Only the text belongs in the copy: repeat each record exactly, without pictures.

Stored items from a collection
========

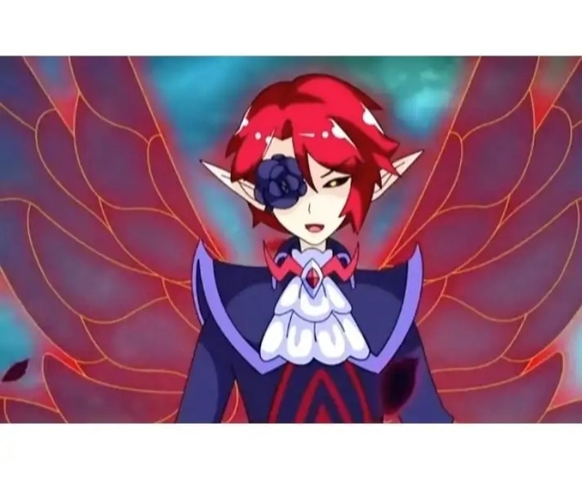 手指修长、肤色白净赤红头发,黑色单瞳另外是纯黑玫瑰、精灵耳朵,身穿着燕尾服礼服携带根黑玫瑰手杖。赤红色的翅膀带夹着黑暗。
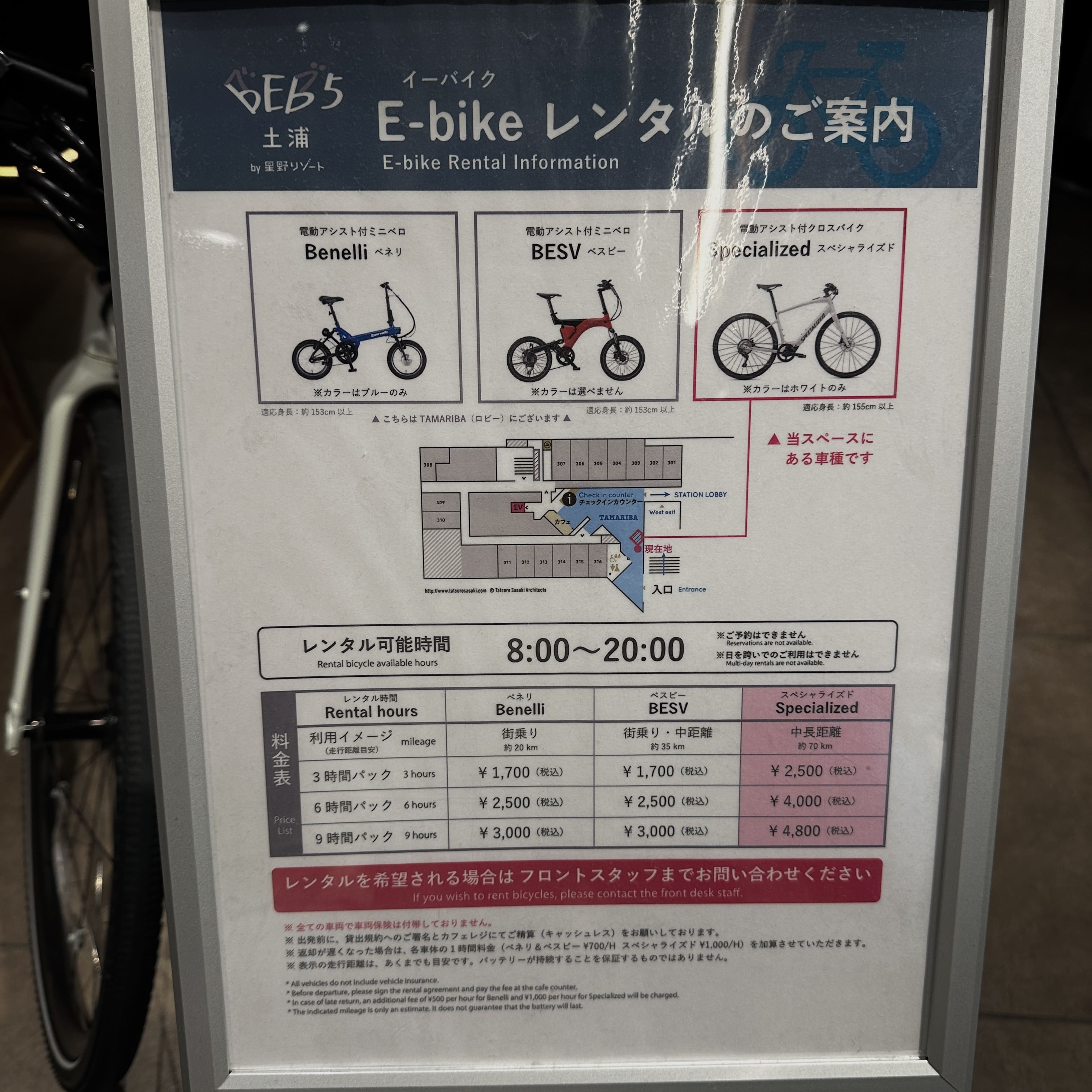 日本第二大湖「霞ヶ浦」,從土浦站騎行不用5分鐘就能抵達。 如果是想好好環湖一圈,推薦在BEB5土浦櫃檯租借電動競速自行車,有三種類型可以選擇,而最便宜的方案租借3小時是¥1700。 如果和我一樣只是想體驗土浦市自行車友善氛圍的話,也推薦用APP「HELLO CYCLING - シェアサイクル」,有很可愛的電動米白色腳踏車可以租借,每15分鐘是¥200。
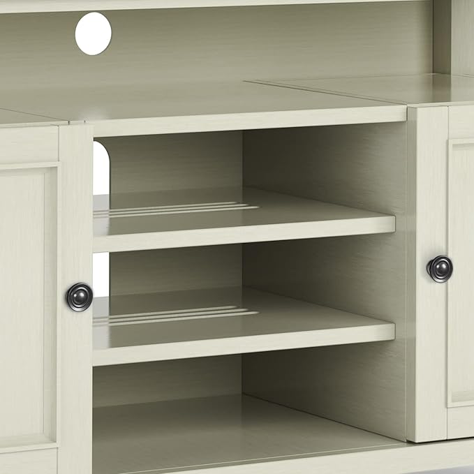 SIMPLIHOME Amherst 54-inch Wide Solid Wood TV Stand in Antique White, Transitional-Style Media Console for Living Room with Adjustable Shelves and Cable Management
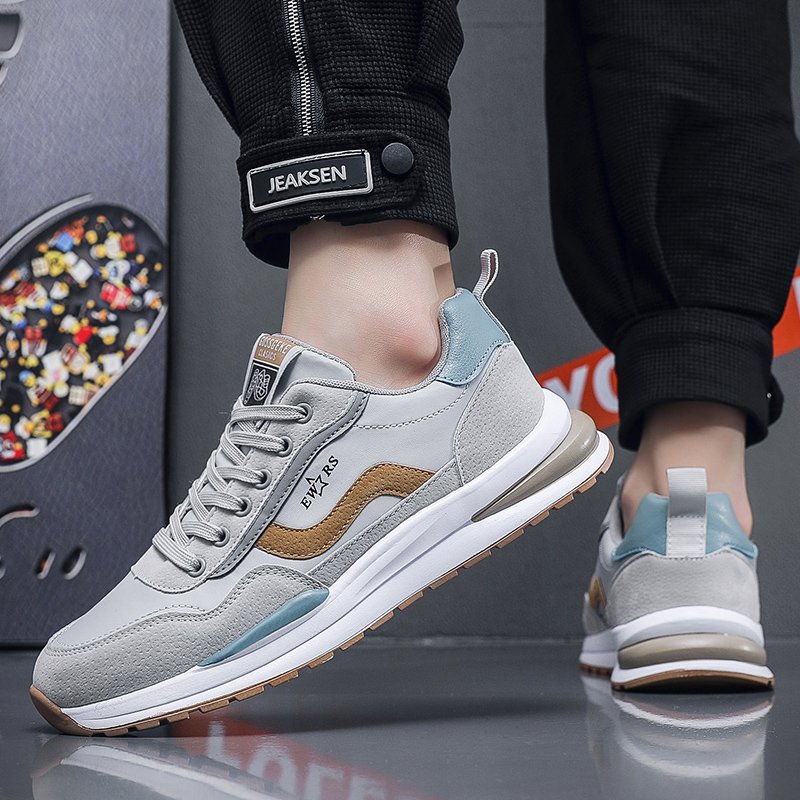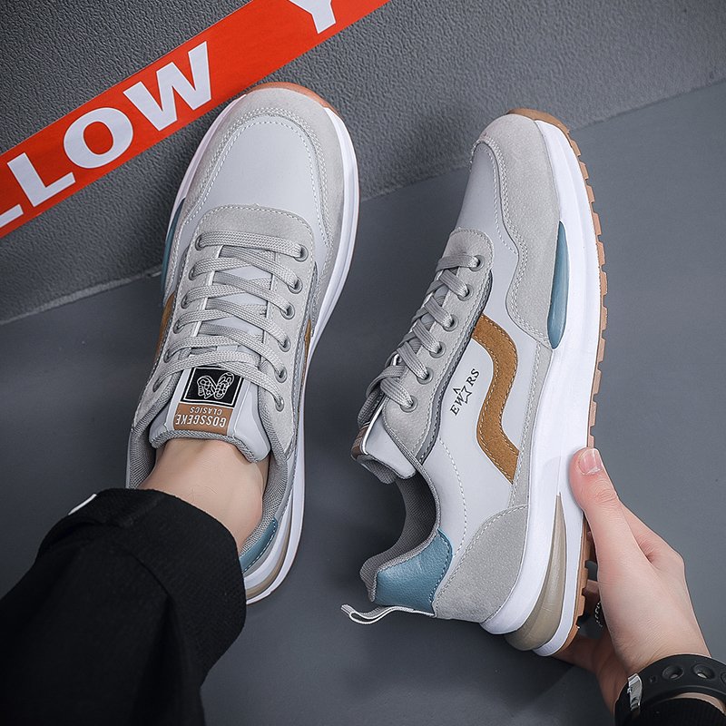 These stylish gray casual sneakers combine modern design with functional comfort, perfect for everyday wear and light activities. The upper is crafted from premium suede and synthetic materials, offering a soft, breathable, and textured feel. Complemented by brown accent details and fine stitching, they add a touch of sophistication to your style. The thick cushioned sole provides excellent support and anti-slip performance, ensuring comfort and stability in any setting.
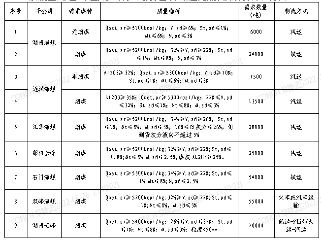 根據2022年6月21日-2022年7月20日海螺水泥湖南區(qū)域各子公司煤炭需求,現擬對煤炭進行公開招標,選定中標人,為體現公平、公正、公開的原則,拓寬采購渠道,現將招標相關事宜公告如下:
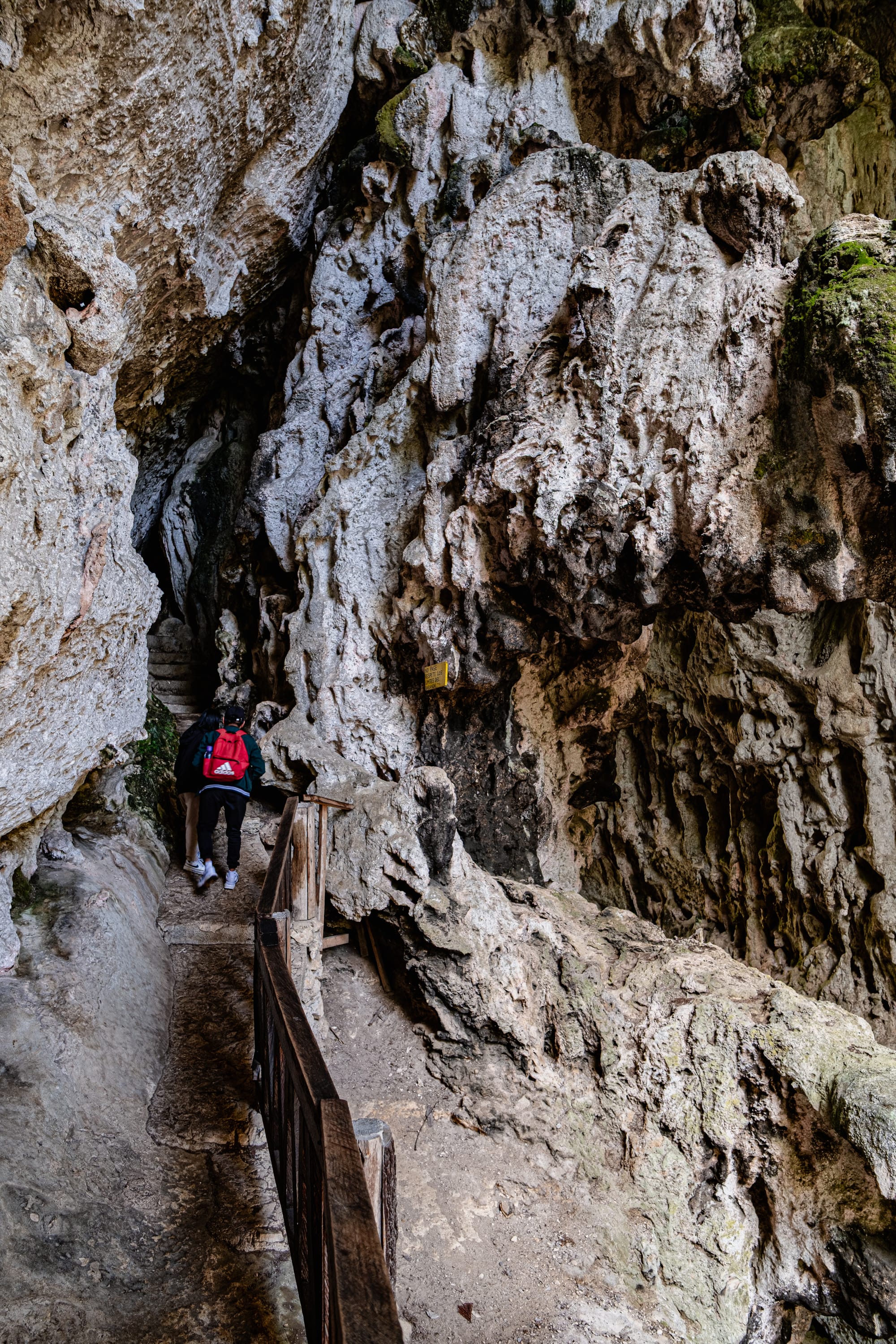 Stairs lead from one side of the arch up toward the caves—a short climb, but one that shifts the viewpoint quickly. Inside, the air cools noticeably, and the light narrows into small pockets shaped by the stone formations overhead.

========

» SOLUTION FOR THIS TASK:
 手指修长、肤色白净赤红头发,黑色单瞳另外是纯黑玫瑰、精灵耳朵,身穿着燕尾服礼服携带根黑玫瑰手杖。赤红色的翅膀带夹着黑暗。
 日本第二大湖「霞ヶ浦」,從土浦站騎行不用5分鐘就能抵達。 如果是想好好環湖一圈,推薦在BEB5土浦櫃檯租借電動競速自行車,有三種類型可以選擇,而最便宜的方案租借3小時是¥1700。 如果和我一樣只是想體驗土浦市自行車友善氛圍的話,也推薦用APP「HELLO CYCLING - シェアサイクル」,有很可愛的電動米白色腳踏車可以租借,每15分鐘是¥200。
 SIMPLIHOME Amherst 54-inch Wide Solid Wood TV Stand in Antique White, Transitional-Style Media Console for Living Room with Adjustable Shelves and Cable Management
 These stylish gray casual sneakers combine modern design with functional comfort, perfect for everyday wear and light activities. The upper is crafted from premium suede and synthetic materials, offering a soft, breathable, and textured feel. Complemented by brown accent details and fine stitching, they add a touch of sophistication to your style. The thick cushioned sole provides excellent support and anti-slip performance, ensuring comfort and stability in any setting.
 根據2022年6月21日-2022年7月20日海螺水泥湖南區(qū)域各子公司煤炭需求,現擬對煤炭進行公開招標,選定中標人,為體現公平、公正、公開的原則,拓寬采購渠道,現將招標相關事宜公告如下:
 Stairs lead from one side of the arch up toward the caves—a short climb, but one that shifts the viewpoint quickly. Inside, the air cools noticeably, and the light narrows into small pockets shaped by the stone formations overhead.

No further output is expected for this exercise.